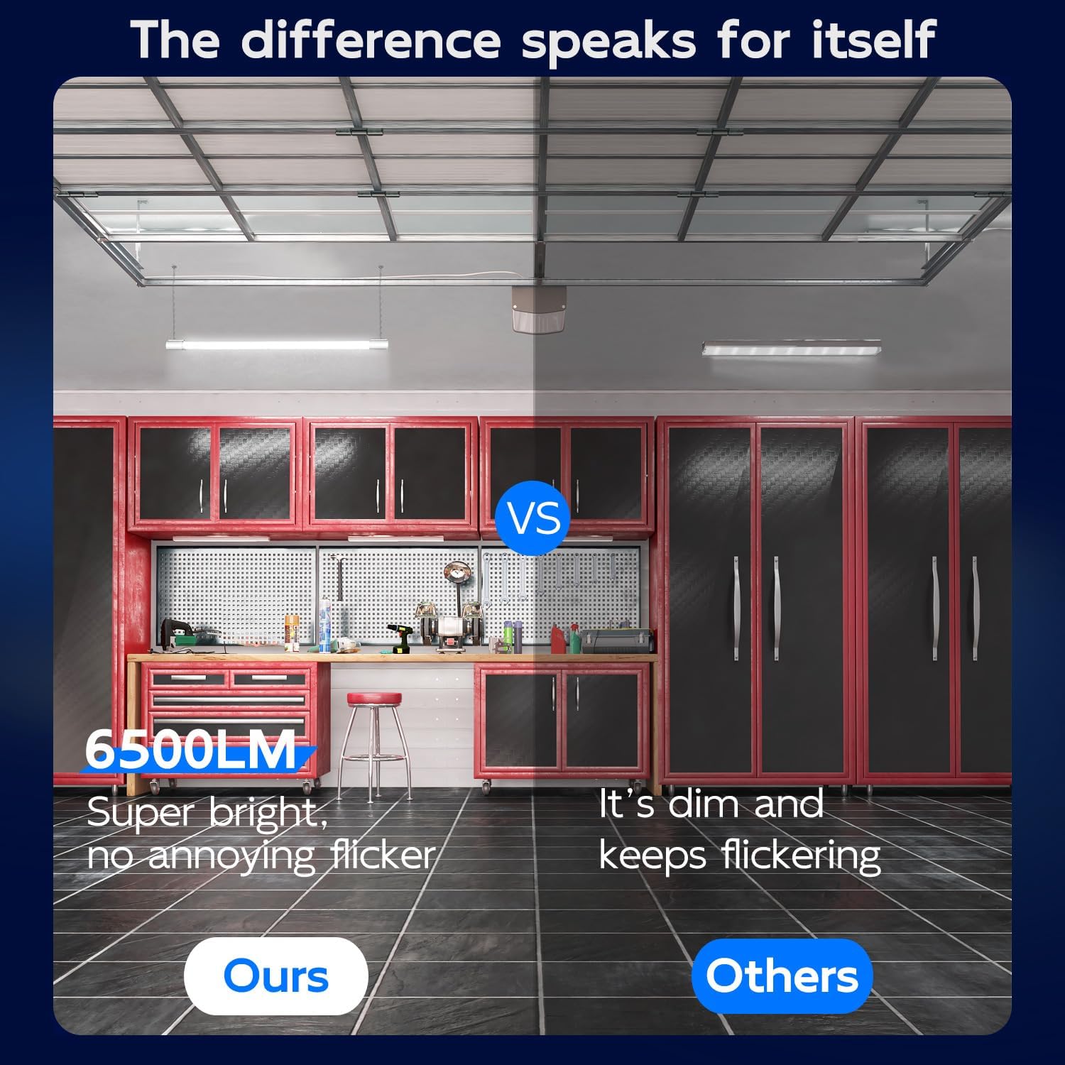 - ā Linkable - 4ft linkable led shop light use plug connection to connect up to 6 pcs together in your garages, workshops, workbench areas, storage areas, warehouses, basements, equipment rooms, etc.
::::::::::
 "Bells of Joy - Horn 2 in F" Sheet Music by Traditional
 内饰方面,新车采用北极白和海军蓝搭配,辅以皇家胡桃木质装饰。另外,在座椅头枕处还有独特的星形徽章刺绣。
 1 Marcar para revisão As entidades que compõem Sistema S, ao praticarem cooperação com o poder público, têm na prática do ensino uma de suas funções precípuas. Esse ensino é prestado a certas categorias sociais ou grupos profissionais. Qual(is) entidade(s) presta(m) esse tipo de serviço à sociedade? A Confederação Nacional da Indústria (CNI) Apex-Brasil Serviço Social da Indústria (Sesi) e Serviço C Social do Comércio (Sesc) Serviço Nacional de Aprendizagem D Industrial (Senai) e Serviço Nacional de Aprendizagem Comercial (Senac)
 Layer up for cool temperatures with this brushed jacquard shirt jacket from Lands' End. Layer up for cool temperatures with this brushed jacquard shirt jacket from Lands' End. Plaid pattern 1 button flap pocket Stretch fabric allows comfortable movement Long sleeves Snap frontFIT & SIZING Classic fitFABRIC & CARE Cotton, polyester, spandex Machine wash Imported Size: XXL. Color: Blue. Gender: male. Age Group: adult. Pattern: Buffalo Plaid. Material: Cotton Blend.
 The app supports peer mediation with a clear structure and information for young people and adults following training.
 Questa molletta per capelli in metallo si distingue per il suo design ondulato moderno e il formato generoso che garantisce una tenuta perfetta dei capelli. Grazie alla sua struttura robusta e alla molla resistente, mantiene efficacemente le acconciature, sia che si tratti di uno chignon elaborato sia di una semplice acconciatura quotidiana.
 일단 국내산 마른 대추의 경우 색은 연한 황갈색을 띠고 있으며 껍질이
::::::::::
Determine the number of lines in the listing that contain the string "with". Write that number and nothing else.

REPLY TO THE TASK – 2